- **Exercise directions**:
Repeat exactly what runs from the line with "traje negro y zapatos cafes" through the last line of the material, and keep the pictures out of it.

◆ ◆ ◆

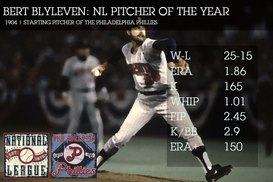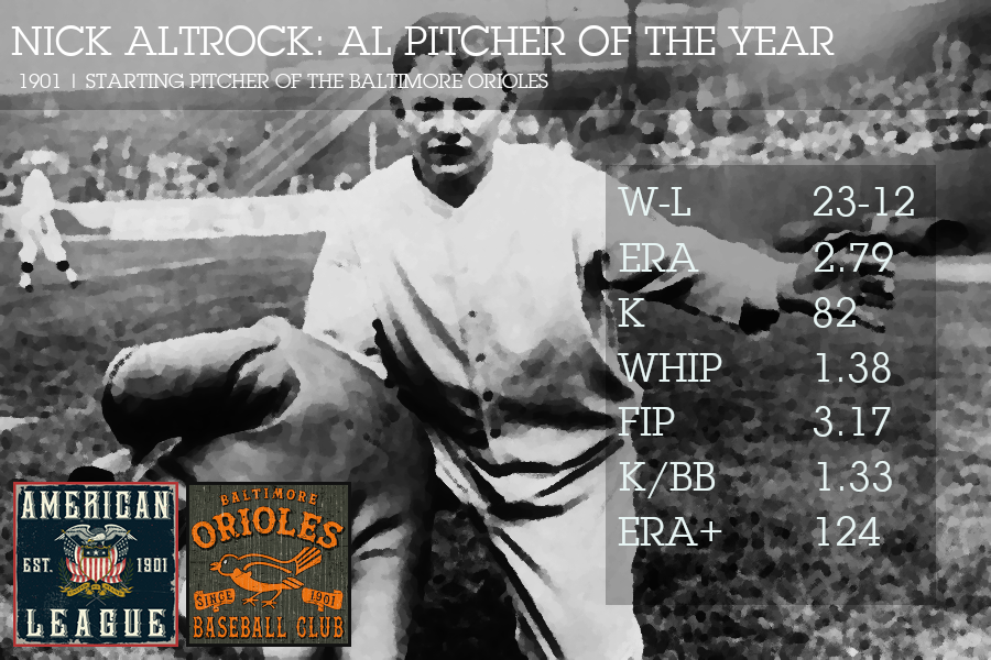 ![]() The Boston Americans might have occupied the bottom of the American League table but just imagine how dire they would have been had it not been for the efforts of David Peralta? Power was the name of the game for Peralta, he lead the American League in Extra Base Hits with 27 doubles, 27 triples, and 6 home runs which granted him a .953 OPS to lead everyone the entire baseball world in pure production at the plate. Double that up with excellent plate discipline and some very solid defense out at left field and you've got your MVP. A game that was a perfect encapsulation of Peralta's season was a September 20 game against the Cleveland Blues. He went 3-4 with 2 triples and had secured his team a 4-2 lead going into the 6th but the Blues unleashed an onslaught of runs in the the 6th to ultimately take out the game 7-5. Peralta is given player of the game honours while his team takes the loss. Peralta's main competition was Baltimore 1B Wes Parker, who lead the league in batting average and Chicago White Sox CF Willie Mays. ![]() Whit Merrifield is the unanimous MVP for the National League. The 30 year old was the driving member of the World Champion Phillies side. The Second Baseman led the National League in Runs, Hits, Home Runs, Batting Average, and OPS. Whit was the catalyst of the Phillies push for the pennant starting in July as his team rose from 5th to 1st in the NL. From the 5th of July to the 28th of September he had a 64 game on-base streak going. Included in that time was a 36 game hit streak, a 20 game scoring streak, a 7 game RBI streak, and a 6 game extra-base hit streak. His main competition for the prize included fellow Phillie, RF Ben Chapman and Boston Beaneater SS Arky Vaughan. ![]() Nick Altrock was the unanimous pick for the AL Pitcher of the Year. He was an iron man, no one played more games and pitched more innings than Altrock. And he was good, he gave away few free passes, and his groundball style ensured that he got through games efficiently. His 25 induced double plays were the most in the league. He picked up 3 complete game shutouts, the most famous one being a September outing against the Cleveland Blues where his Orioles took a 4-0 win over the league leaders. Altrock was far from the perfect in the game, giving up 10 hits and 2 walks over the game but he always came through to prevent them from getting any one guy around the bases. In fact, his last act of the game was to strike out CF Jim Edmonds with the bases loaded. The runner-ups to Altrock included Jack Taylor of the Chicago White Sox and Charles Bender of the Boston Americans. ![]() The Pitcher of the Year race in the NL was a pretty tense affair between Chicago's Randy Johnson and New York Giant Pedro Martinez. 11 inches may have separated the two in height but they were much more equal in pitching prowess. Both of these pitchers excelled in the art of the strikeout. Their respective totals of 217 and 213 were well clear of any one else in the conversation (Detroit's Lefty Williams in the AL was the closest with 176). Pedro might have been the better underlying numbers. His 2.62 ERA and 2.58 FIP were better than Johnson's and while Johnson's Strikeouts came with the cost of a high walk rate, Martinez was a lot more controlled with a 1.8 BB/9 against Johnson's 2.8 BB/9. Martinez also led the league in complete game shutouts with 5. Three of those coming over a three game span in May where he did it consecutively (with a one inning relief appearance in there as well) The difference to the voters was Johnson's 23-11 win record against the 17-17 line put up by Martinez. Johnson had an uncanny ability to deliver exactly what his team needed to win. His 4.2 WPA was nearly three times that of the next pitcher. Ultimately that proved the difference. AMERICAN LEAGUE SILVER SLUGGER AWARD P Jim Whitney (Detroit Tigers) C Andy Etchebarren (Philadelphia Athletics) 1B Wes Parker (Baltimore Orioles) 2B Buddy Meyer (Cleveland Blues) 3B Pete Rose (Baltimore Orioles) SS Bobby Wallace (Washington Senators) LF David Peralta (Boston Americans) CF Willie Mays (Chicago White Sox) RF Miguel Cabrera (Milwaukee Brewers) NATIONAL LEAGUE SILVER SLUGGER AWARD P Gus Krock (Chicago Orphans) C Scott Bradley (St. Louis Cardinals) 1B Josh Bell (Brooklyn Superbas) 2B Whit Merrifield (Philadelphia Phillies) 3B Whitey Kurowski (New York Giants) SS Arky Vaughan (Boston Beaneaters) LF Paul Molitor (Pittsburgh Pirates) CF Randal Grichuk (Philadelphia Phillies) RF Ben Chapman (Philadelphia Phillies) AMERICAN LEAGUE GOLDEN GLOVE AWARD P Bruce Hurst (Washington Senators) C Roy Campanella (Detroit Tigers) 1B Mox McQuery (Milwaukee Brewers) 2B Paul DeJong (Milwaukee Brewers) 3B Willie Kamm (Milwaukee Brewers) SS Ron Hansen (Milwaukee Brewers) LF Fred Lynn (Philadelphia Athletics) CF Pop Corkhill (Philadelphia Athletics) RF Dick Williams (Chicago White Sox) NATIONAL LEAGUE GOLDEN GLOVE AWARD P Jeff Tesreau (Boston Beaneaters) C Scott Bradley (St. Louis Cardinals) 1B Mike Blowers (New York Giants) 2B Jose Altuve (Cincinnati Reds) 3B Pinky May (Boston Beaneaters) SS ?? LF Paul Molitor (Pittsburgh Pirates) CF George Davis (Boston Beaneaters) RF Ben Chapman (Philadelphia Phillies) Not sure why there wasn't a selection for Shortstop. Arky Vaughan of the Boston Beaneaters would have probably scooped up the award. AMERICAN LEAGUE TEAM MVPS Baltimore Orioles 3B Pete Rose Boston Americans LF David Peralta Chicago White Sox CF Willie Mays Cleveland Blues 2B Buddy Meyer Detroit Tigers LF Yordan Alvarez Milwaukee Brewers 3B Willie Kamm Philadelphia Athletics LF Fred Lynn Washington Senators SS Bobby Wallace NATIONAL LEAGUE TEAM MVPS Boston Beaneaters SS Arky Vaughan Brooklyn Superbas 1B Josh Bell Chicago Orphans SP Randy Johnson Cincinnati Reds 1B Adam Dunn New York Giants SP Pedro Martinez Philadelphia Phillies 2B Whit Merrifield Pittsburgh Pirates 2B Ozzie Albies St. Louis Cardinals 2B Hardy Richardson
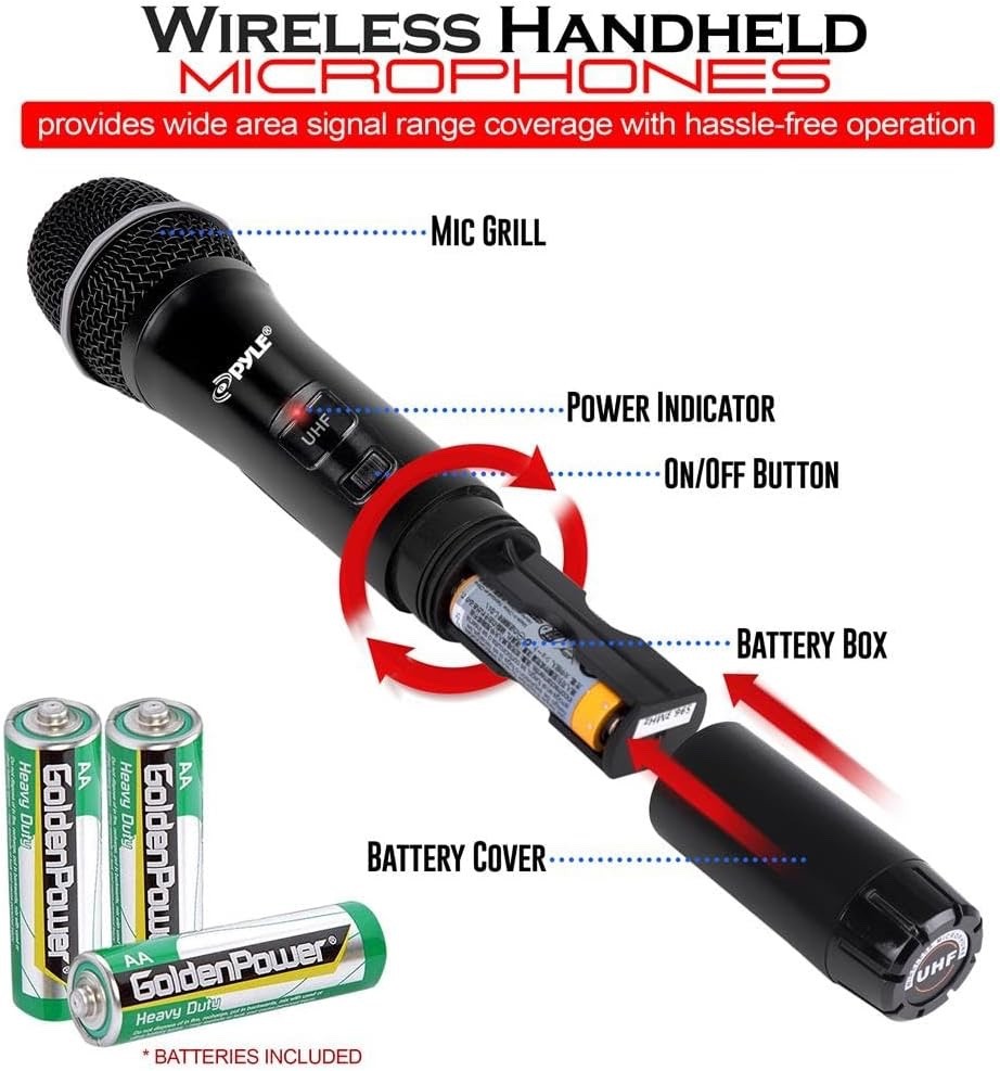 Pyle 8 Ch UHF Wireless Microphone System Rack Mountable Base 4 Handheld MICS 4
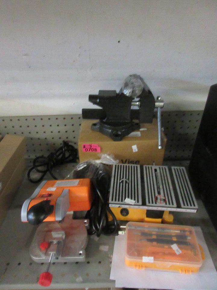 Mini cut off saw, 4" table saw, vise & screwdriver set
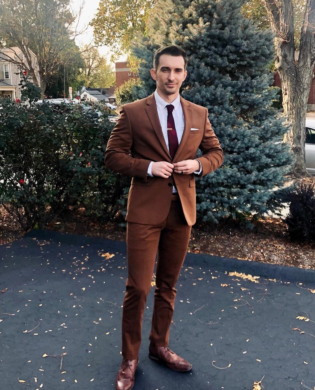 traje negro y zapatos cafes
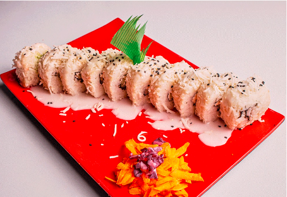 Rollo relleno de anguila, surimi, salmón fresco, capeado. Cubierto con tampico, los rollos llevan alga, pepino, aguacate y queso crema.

◆ ◆ ◆

- **Solution for this problem**:
 traje negro y zapatos cafes
 Rollo relleno de anguila, surimi, salmón fresco, capeado. Cubierto con tampico, los rollos llevan alga, pepino, aguacate y queso crema.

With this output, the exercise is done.